Notre Dame marched downfield on the game's opening possession, as it utilized a 13-play, 74-yard drive to set the tone – but failed to score when Jonathan Doerer's 36-yard attempt sailed wide right.

Doerer later connected from 21 yards to lift the Irish on top, 10-0, less than two minutes into the third quarter.

Yet that also was a squandered opportunity for Notre Dame, which saw Bo Bauer pick off a deflected Kedon Slovis pass and race 79 yards to the Trojans' 4-yard line.

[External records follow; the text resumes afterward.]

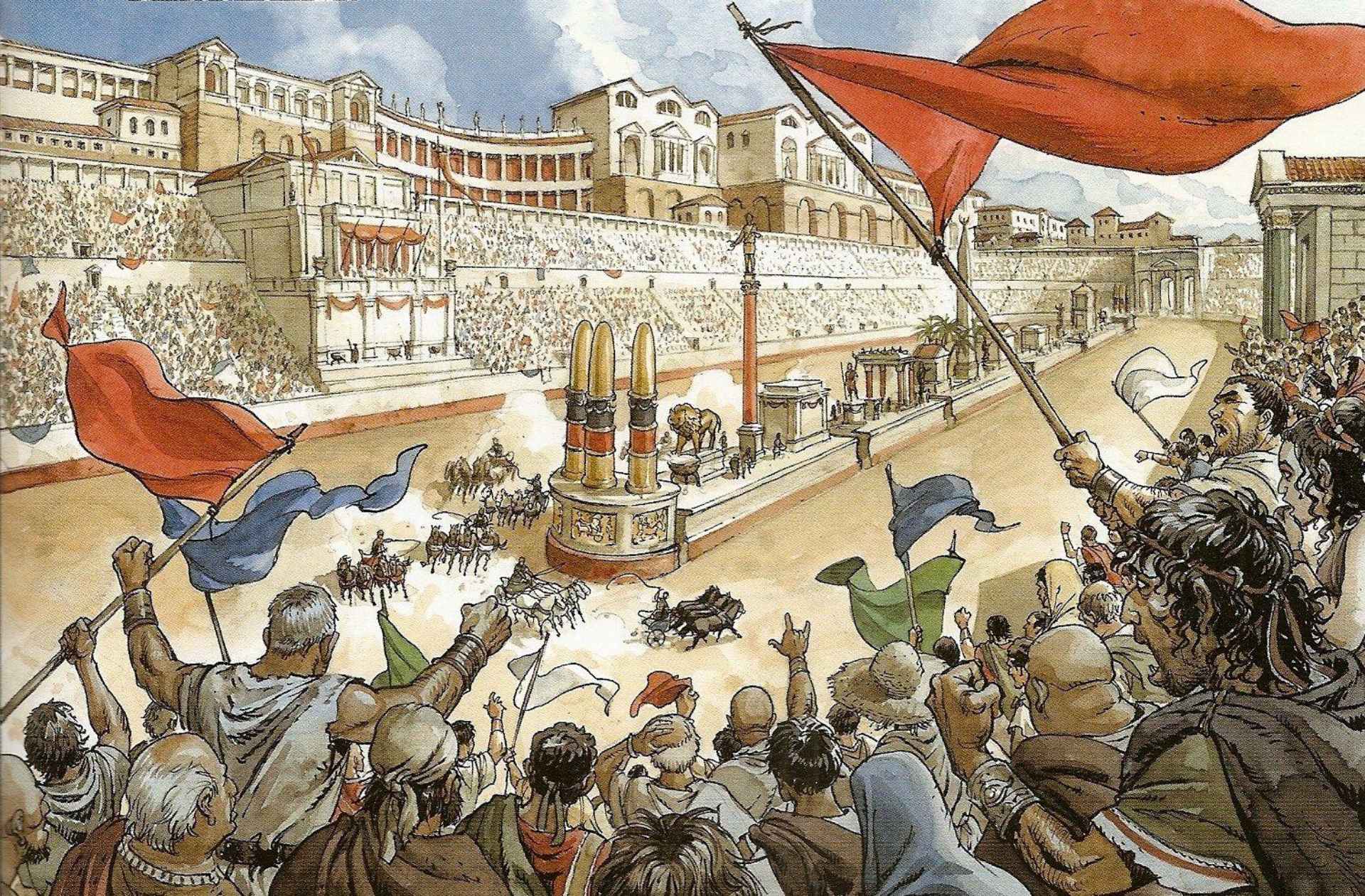
На ипподроме Константинополя. Рисунок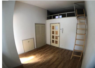
使い方はあなた次第！ロフト付！！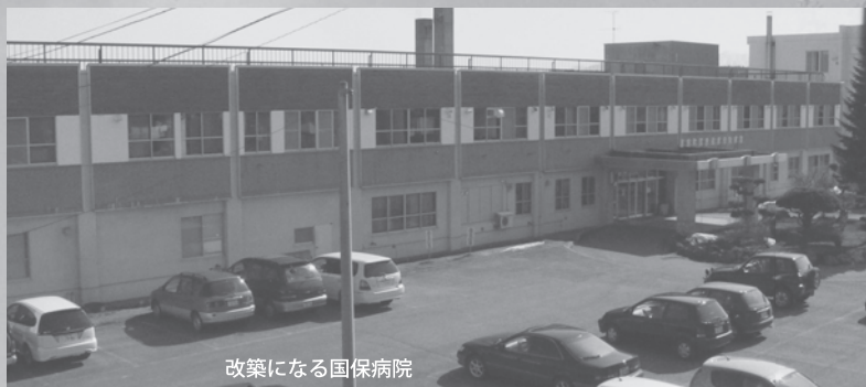
改築になる国保病院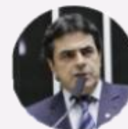
Vice-Presidente na Câmara: deputado Domingos Sávio (MG)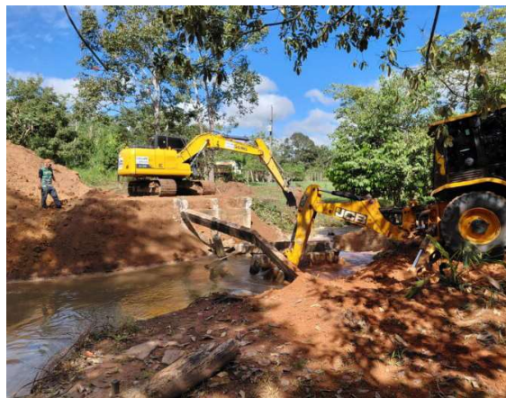
Investimentos em infraestrutura rural garantem mobilidade e segurança para a comunidade. A Prefeitura Municipal.

A Prefeitura de Cacoal, por meio da Secretaria Municipal de Agricultura, realizou na manhã desta terça-feira (16) a revitalização da ponte sobre o Rio Bola de Ouro, no Setor Prosperidade.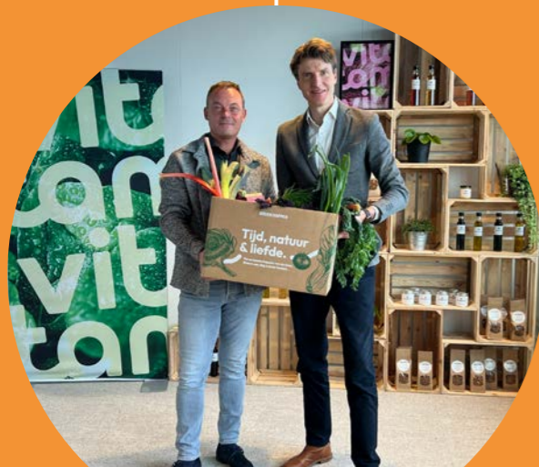
ONDERTEKENING SAMENWERKING GROOTHANDEL BOERSCHAPPEN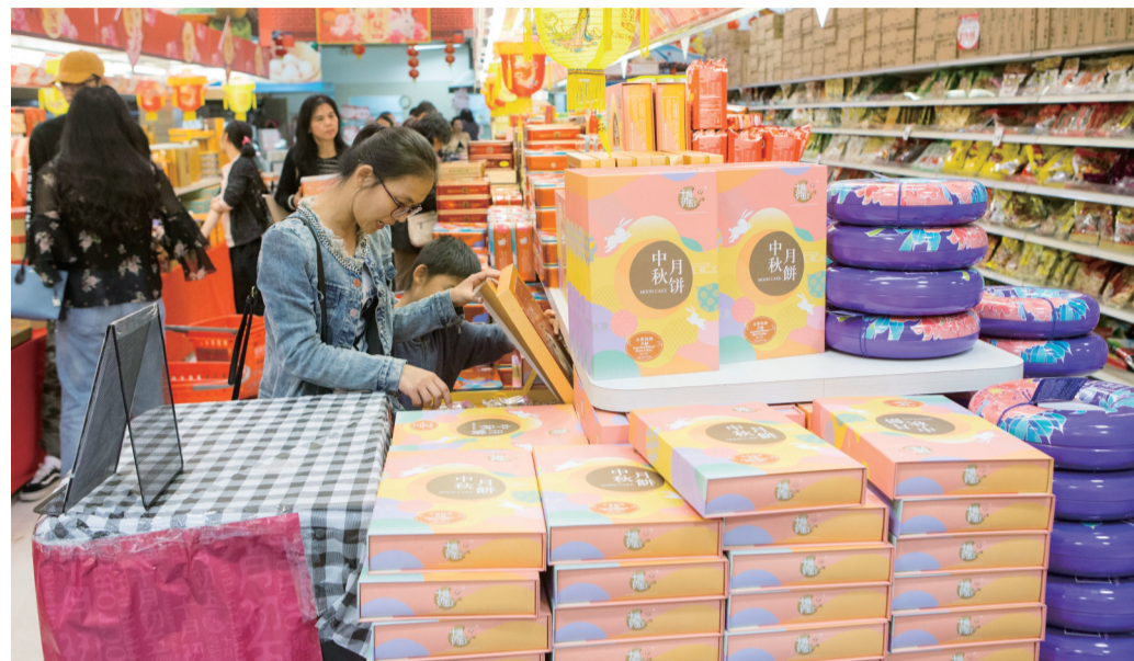
▲9月23日，顾客在超市挑选月饼

“You know, it kind of goes black and you're trying to get into the end zone,” Bauer said, revisiting the pick. “It was like, 'Wow, I got caught.' Shoutout to him for getting me down.”

But the offense gained a meager yard, and Doerer hit the triple.

Nine of Slovis's first 12 completions went to Trojans stud Drake London, and London closed with 15 receptions for 171 yards.

For perspective, the remainder of the USC offense combined for a dozen catches and 128 yards, though the Irish did keep London out of the end zone.

USC got its fourth-quarter touchdowns from Keaontay Ingram and Darwin Barlow.

Ingram matched Williams for game-high rushing honors with 138 yards.

Up next for Notre Dame is a third-straight prime-time game and second in a row inside Notre Dame Stadium, where the Irish have won 26 of their last 27 games, when North Carolina visits.

The Tar Heels, like USC, are set to enter that game coming off their open date, after defeating Miami 45-42 Oct. 16.